* WHAT IS EXPECTED *
A full, exact copy of the listing is needed, with images omitted.

* THE DATA *

──────

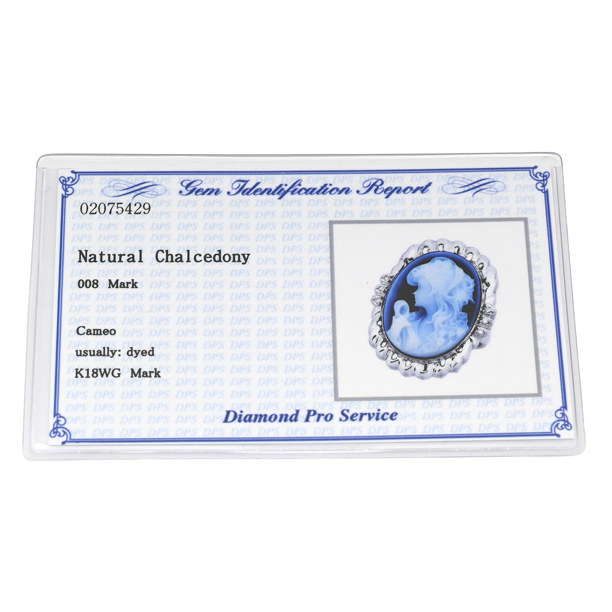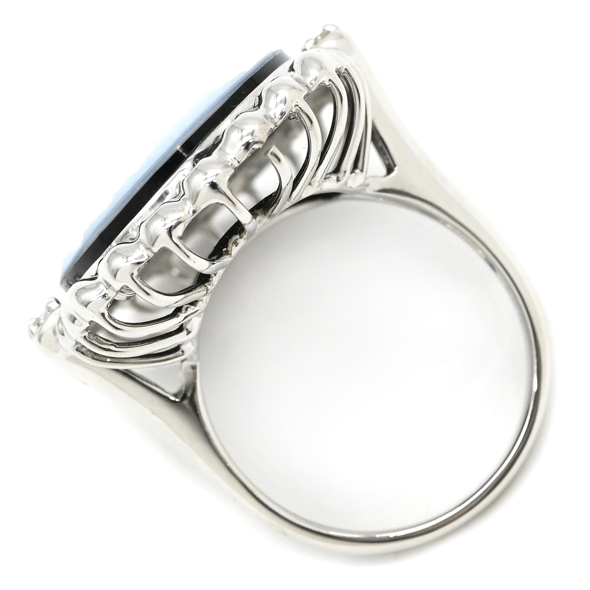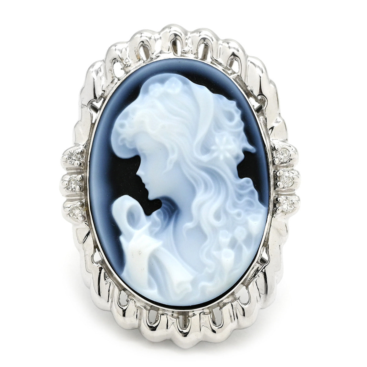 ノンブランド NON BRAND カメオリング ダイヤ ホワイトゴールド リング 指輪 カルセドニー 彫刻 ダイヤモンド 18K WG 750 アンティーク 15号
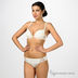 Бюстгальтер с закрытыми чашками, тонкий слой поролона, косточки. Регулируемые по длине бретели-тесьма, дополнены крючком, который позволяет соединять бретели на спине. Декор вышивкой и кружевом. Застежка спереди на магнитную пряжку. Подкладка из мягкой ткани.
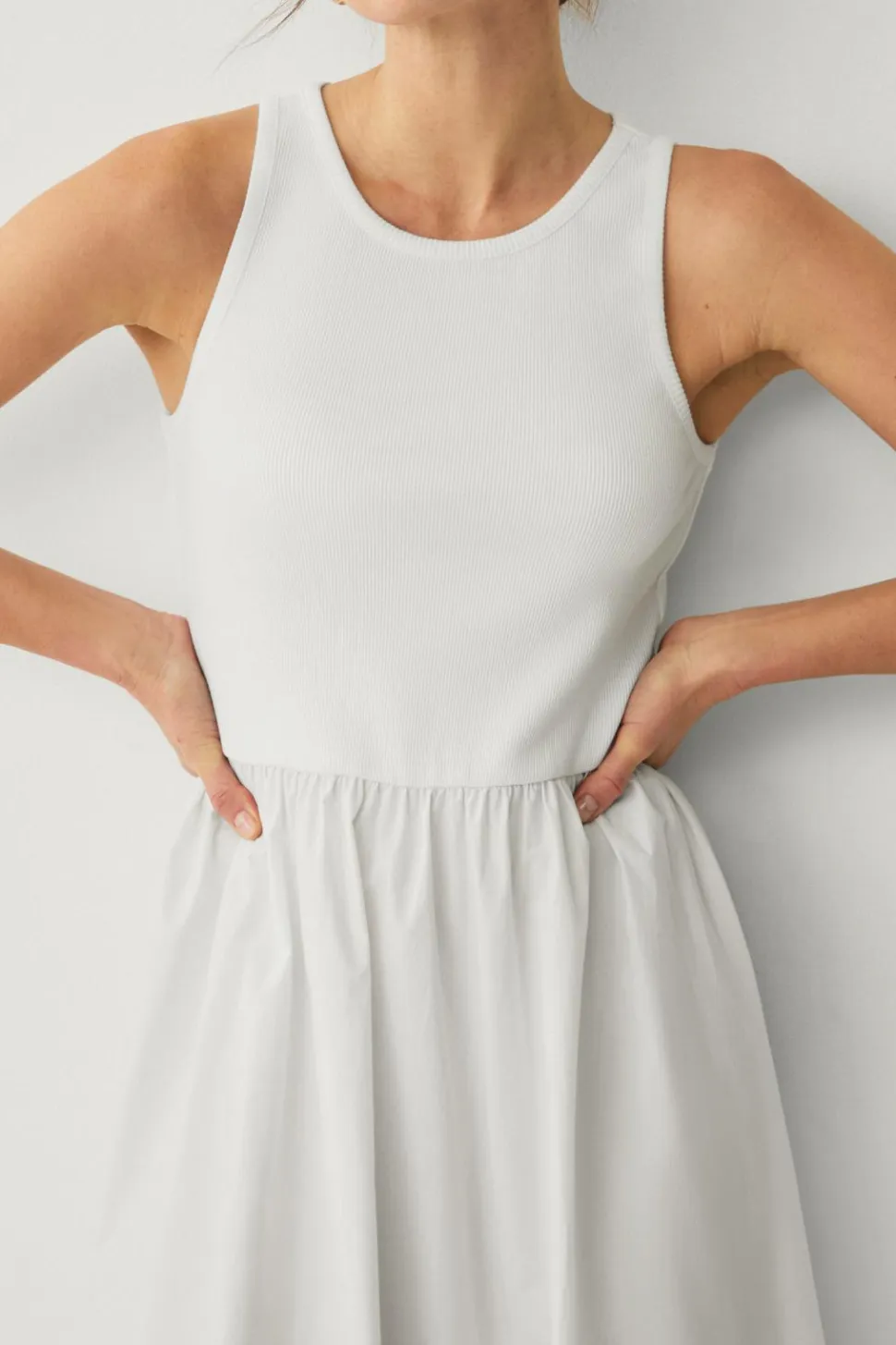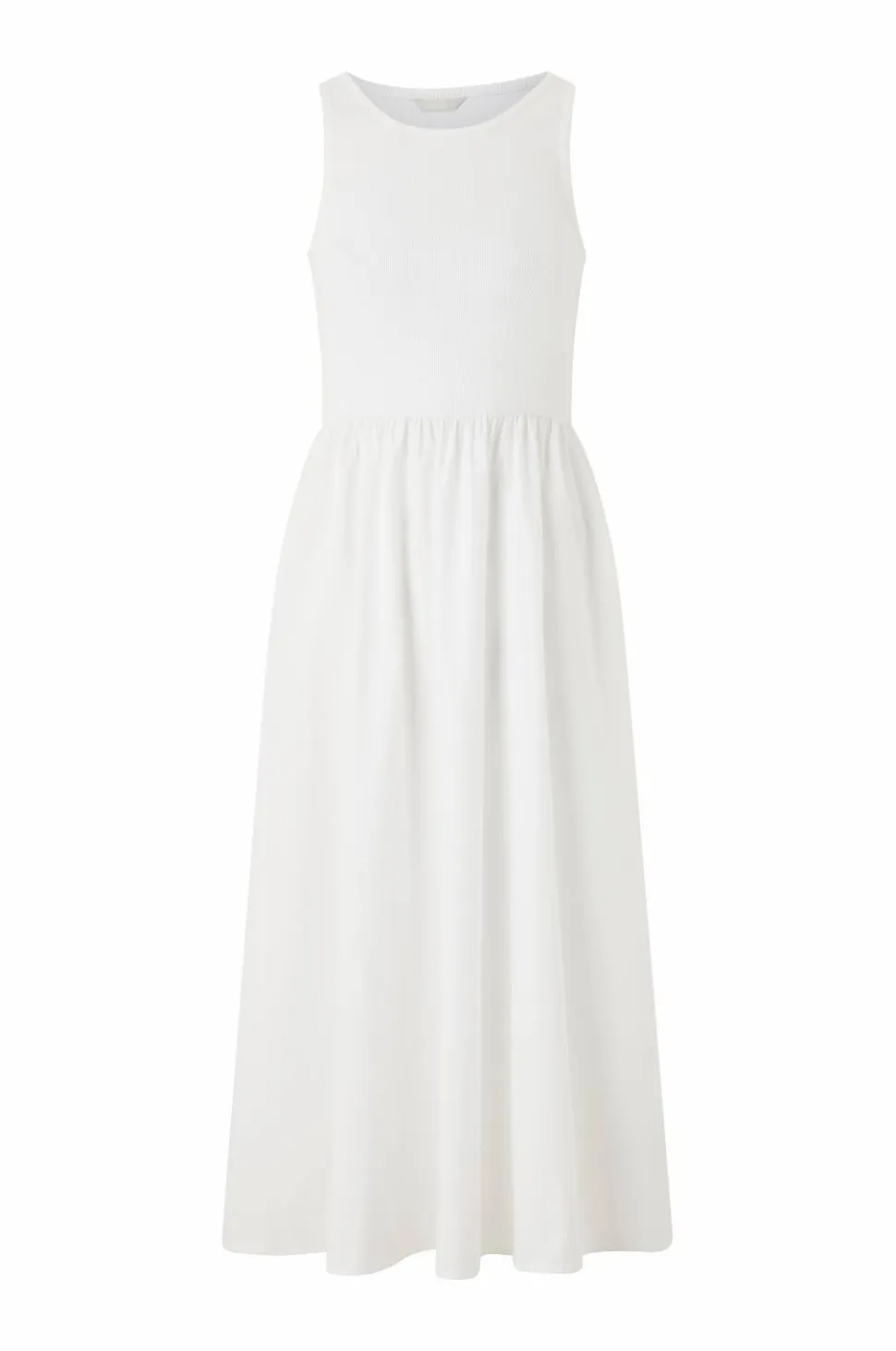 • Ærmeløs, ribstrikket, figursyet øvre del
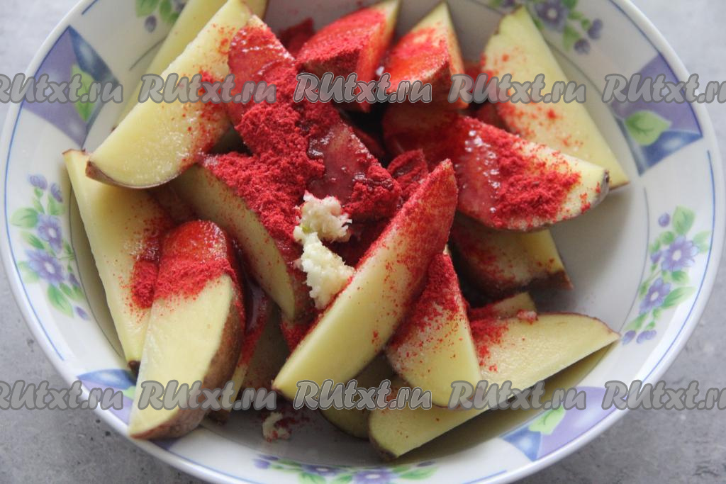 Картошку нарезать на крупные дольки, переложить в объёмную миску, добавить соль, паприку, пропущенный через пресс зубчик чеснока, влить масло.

──────

* SOLUTION *
 ノンブランド NON BRAND カメオリング ダイヤ ホワイトゴールド リング 指輪 カルセドニー 彫刻 ダイヤモンド 18K WG 750 アンティーク 15号
 Бюстгальтер с закрытыми чашками, тонкий слой поролона, косточки. Регулируемые по длине бретели-тесьма, дополнены крючком, который позволяет соединять бретели на спине. Декор вышивкой и кружевом. Застежка спереди на магнитную пряжку. Подкладка из мягкой ткани.
 • Ærmeløs, ribstrikket, figursyet øvre del
 Картошку нарезать на крупные дольки, переложить в объёмную миску, добавить соль, паприку, пропущенный через пресс зубчик чеснока, влить масло.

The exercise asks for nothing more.